There is one span to output from the data below: the lines starting at the line with "Aguilar y Fernández" and ending at the line with "Слайд 2Все материалы, полученные". Output it exactly, ends included, nothing more.
*** Source data ***
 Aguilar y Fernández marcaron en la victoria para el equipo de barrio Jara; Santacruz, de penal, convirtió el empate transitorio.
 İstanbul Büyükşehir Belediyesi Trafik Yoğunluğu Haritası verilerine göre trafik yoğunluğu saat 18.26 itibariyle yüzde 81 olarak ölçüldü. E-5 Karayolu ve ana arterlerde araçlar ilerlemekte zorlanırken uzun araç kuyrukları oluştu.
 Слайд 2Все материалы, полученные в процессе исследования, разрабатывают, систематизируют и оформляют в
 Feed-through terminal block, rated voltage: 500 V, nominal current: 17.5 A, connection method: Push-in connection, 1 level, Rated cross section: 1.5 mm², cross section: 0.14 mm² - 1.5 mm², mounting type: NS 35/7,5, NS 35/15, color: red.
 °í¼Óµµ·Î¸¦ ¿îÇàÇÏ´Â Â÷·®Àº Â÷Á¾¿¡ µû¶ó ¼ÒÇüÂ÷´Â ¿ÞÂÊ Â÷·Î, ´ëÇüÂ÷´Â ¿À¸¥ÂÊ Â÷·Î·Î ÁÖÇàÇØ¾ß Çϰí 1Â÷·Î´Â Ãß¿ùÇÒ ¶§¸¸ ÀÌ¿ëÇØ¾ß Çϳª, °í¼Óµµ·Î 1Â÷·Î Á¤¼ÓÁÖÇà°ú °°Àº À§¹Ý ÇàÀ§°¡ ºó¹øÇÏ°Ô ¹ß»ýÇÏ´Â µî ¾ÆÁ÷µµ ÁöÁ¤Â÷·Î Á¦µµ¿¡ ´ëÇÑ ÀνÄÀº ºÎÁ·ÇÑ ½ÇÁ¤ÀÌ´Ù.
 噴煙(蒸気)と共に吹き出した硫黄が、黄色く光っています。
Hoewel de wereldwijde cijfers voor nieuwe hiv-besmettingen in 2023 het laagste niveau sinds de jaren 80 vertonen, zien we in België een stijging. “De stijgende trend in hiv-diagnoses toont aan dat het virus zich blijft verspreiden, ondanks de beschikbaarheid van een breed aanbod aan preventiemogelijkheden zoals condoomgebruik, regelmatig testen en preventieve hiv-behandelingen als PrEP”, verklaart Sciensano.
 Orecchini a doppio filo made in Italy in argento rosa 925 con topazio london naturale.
***
*** Source data ***
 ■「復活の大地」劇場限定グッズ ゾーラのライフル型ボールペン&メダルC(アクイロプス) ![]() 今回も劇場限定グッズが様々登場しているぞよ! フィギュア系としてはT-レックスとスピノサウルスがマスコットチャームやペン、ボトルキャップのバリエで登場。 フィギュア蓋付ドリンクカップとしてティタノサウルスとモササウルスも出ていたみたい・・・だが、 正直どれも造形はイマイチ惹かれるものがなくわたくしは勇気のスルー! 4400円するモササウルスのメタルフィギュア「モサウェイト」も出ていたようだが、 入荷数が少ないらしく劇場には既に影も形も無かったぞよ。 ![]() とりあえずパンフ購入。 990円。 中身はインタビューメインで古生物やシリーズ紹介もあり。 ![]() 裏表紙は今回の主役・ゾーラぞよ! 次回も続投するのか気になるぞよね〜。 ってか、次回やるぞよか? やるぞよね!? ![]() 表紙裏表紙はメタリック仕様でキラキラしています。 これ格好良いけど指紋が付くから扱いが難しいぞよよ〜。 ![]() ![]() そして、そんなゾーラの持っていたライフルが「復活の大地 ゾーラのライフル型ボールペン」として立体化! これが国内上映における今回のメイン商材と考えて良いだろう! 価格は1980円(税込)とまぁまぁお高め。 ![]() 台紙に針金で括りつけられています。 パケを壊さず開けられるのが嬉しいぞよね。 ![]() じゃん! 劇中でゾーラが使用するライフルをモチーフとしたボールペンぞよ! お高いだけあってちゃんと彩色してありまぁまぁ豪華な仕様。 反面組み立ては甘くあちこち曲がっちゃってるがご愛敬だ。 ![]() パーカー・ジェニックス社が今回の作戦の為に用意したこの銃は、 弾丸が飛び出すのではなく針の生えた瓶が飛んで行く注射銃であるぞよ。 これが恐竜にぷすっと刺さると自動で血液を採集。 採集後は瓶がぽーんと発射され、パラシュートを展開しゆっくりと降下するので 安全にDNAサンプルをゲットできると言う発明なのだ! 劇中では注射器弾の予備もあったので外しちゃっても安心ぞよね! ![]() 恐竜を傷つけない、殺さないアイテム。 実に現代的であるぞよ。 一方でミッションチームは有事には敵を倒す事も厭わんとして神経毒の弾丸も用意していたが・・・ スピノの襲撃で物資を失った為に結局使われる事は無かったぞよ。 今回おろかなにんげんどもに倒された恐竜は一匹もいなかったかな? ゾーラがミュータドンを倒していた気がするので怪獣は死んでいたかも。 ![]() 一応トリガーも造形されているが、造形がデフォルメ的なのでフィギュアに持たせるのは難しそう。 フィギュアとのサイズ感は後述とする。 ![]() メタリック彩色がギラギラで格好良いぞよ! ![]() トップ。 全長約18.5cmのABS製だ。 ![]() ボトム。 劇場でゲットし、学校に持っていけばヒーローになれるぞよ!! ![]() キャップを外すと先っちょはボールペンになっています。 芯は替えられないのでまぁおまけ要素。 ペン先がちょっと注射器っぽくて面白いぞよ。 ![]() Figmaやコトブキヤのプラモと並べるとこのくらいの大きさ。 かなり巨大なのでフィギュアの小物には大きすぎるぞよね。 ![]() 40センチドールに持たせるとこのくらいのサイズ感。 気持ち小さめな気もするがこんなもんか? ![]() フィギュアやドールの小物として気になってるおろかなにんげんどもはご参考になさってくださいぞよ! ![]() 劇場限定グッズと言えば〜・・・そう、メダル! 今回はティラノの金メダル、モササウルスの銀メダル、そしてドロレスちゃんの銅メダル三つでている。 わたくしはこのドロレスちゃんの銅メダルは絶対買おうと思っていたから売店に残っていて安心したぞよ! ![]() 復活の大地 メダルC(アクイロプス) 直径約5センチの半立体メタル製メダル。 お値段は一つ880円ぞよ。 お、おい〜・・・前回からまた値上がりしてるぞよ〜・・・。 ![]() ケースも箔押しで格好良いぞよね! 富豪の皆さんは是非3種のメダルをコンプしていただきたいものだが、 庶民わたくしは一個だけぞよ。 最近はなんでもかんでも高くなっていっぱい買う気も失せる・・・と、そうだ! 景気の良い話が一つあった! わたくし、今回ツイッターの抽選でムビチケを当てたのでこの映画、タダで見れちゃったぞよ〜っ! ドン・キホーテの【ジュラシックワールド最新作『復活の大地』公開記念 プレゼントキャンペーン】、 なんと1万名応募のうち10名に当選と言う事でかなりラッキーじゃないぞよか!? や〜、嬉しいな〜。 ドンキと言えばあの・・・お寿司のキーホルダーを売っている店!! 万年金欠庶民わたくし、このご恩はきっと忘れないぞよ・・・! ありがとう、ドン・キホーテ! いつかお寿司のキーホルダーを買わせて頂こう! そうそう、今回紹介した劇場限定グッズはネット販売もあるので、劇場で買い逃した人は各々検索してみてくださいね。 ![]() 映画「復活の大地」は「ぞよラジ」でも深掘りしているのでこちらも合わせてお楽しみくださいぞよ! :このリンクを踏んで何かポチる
***
*** Source data ***
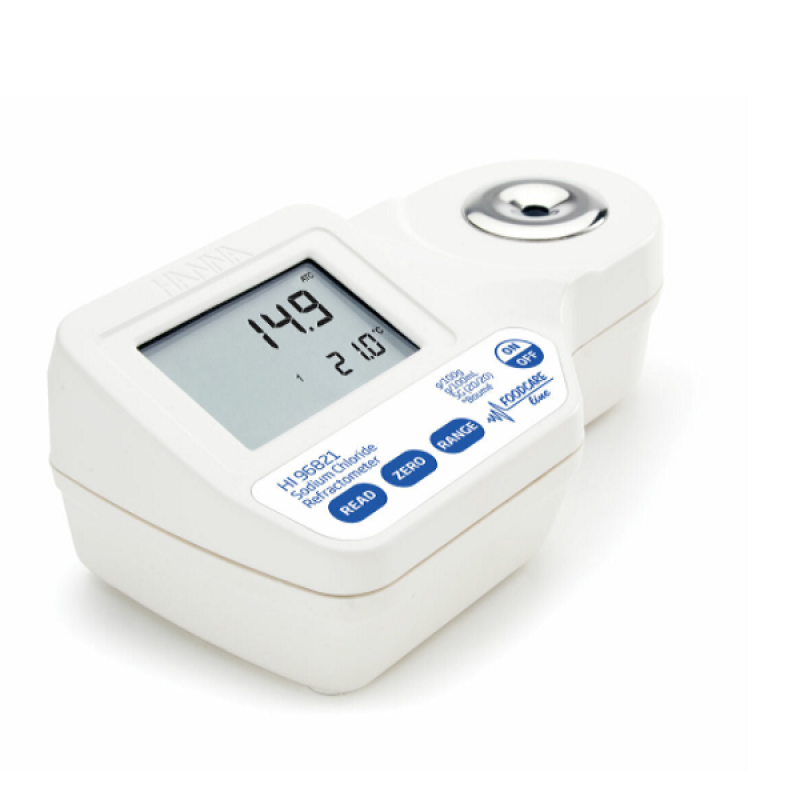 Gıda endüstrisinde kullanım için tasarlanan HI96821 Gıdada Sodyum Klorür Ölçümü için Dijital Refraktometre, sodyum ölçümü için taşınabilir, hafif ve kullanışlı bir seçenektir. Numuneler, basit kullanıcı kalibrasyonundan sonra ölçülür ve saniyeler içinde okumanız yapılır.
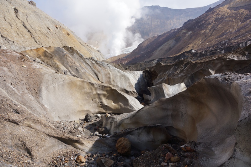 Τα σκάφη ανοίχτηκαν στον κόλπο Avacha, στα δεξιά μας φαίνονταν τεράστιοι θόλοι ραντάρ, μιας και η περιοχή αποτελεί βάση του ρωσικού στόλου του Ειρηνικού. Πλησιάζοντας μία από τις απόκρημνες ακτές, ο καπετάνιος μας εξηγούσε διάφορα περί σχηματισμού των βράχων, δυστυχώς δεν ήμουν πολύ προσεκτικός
***
Answer to the problem:
 Aguilar y Fernández marcaron en la victoria para el equipo de barrio Jara; Santacruz, de penal, convirtió el empate transitorio.
 İstanbul Büyükşehir Belediyesi Trafik Yoğunluğu Haritası verilerine göre trafik yoğunluğu saat 18.26 itibariyle yüzde 81 olarak ölçüldü. E-5 Karayolu ve ana arterlerde araçlar ilerlemekte zorlanırken uzun araç kuyrukları oluştu.
 Слайд 2Все материалы, полученные в процессе исследования, разрабатывают, систематизируют и оформляют в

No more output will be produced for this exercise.